Yesus mengosongkan diri-Nya dan memberikan hidup-Nya bagi orang lain. Demikianlah jalan dari semua pelayanan (Nouwen, 1986: 73). Merefleksikan hidup Yesus selama di dunia penulis merasakan bahwa segala yang Ia lakukan bukan semata-mata untuk diri-Nya sendiri, melainkan untuk memuliakan Tuhan dalam diri sesama. Kehidupan Yesus sepenuhnya adalah sebuah pelayanan.

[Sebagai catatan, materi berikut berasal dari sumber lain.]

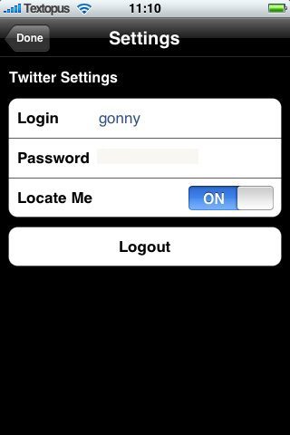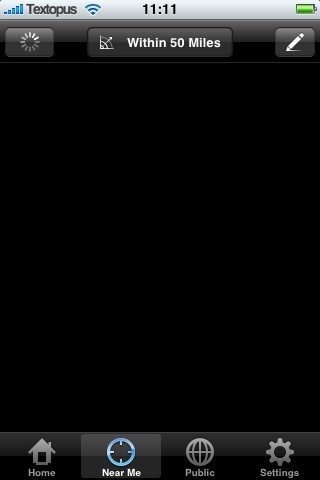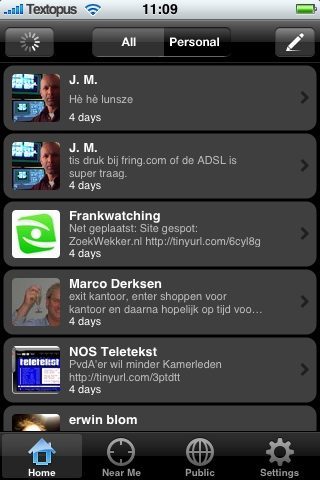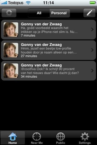 Onderaan het scherm zijn vier knoppen te zien: Home, Near Me, Public en Settings. De pagina Settings bevat weinig bijzonderheden: je kunt hier alleen je inloggegevens achterlaten en de functie Locate Me in- of uitschakelen. Op het Home-scherm zie je twee tabbladen: Personal met alleen je persoonlijke berichten en All voor een combinatie van berichten van jezelf en vrienden. Met een knop met een potloodicoontje kun je zelf een bericht schrijven, eventueel voorzien van foto. Die foto verschijnt niet op de website van Twitter zelf, maar wel in Twinkle. Coolhva meldt dat de foto’s op de Twinkle-server staan, maar later als tinyurl’s in Twitter zullen worden toegevoegd.

Pelayan Kristiani, pelayanan religius, pelayanan yang memberi perhatian kepada orang lain terlebih mereka yang kecil, dipanggil untuk menjadi terampil tetapi tidak untuk menjadi seorang tukang, banyak pengetahuan tetapi bukan

seorang yang serba memaksakan, profesional tetapi bukan seorang manipulator. Apabila ia dapat menyangkal dirinya sendiri, beriman dan memahami arti penderitaan manusia, maka orang yang dilayani akan menyadari bahwa melalui tangan mereka yang mau menjadi pelayan, Allah menunjukkan cinta kasih-Nya yang lembut kepadanya. Mengajar menjadi pelayanan kalau guru melangkah lebih jauh daripada sekedar menyampaikan ilmu dan bersedia memberikan pengalaman hidupnya sendiri kepada murid, sehingga kecemasan yang melumpuhkan dapat disingkirkan. Khotbah menjadi pelayanan kalau pengkhotbah melangkah lebih jauh daripada sekedar menceritakan kisah (Nouwen, 1986 : 86).